I learned and used D3 several years ago. I’m trying to relearn it this year and found it redirects to observable and I’m no longer able to copy the example code directly and use them in my website.
Anyone figures out how to make D3 example code work again?
I guess it depends on the examples you’re interested in. Some of them are written as functions that you can copy in their entirety and use directly.
Others are split into several cells, to make it easier to inspect and understand each step of the computation. In those cases you might have to copy each cell into a function, or an asynchronous function, and recreate the dependency logic. For example if you have:
data = d3.json(…)
and
a = d3.mean(data, d => d.value)
you could write this in vanilla javascript as:
const data = await d3.json(…);
const a = d3.mean(data, d => d.value);
Hope this helps. If there is a specific example for which you need guidance, please give us the URL.
Observable makes it easy to assemble lots of parts without having to think too much about where they come from. It also does an implicit await on any asynchronous cell, such as loading a dataset.
To make this notebook into a standalone application, we need to be explicit about everything. Let’s list what we’re going to use:
First, the notebook loads two datasets: walmart.tsv, which is a FileAttachment served by observable (we’ll copy it); and us.json, the shape for the map, which we can load from npm. There are also two libraries: d3 and topojson.
For the interactions, the notebook imports a “scrubber” function. That function in turns needs Observable’s htl and Inputs libraries.

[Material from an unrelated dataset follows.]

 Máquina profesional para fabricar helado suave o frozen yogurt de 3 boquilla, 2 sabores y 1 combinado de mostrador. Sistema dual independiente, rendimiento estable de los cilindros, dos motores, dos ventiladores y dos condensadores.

Our stand-alone web page has to load all these resources, then create the map and the scrubber UI. And we’ll have to “plumb” all of this together, updating the map each time the scrubber values changes.
The original notebook does the plumbing with observable’s runtime, but in our case we’re going to listen to the scrubber’s “input” events directly, and call the chart’s update function whenever the scrubber changes.

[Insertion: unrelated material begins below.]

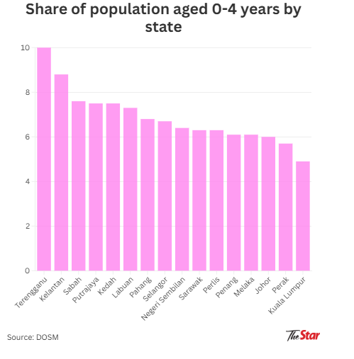 Peratusan penduduk berumur 0–4 tahun mengikut negeri.

Note that it doesn’t have the textual contents/introduction/presentation of the dataset, which is produced with the markdown component of observable’s stdlib. It would be possible to add that too, but I’ve left it as an exercise for the reader
Thank you. I copied the script and it’s still not working probably because I don’t have wartmart.tsv. I tried to download the file from the observable webpage, but the file doesn’t have the date column.
Can you send me the link to get the file with date column?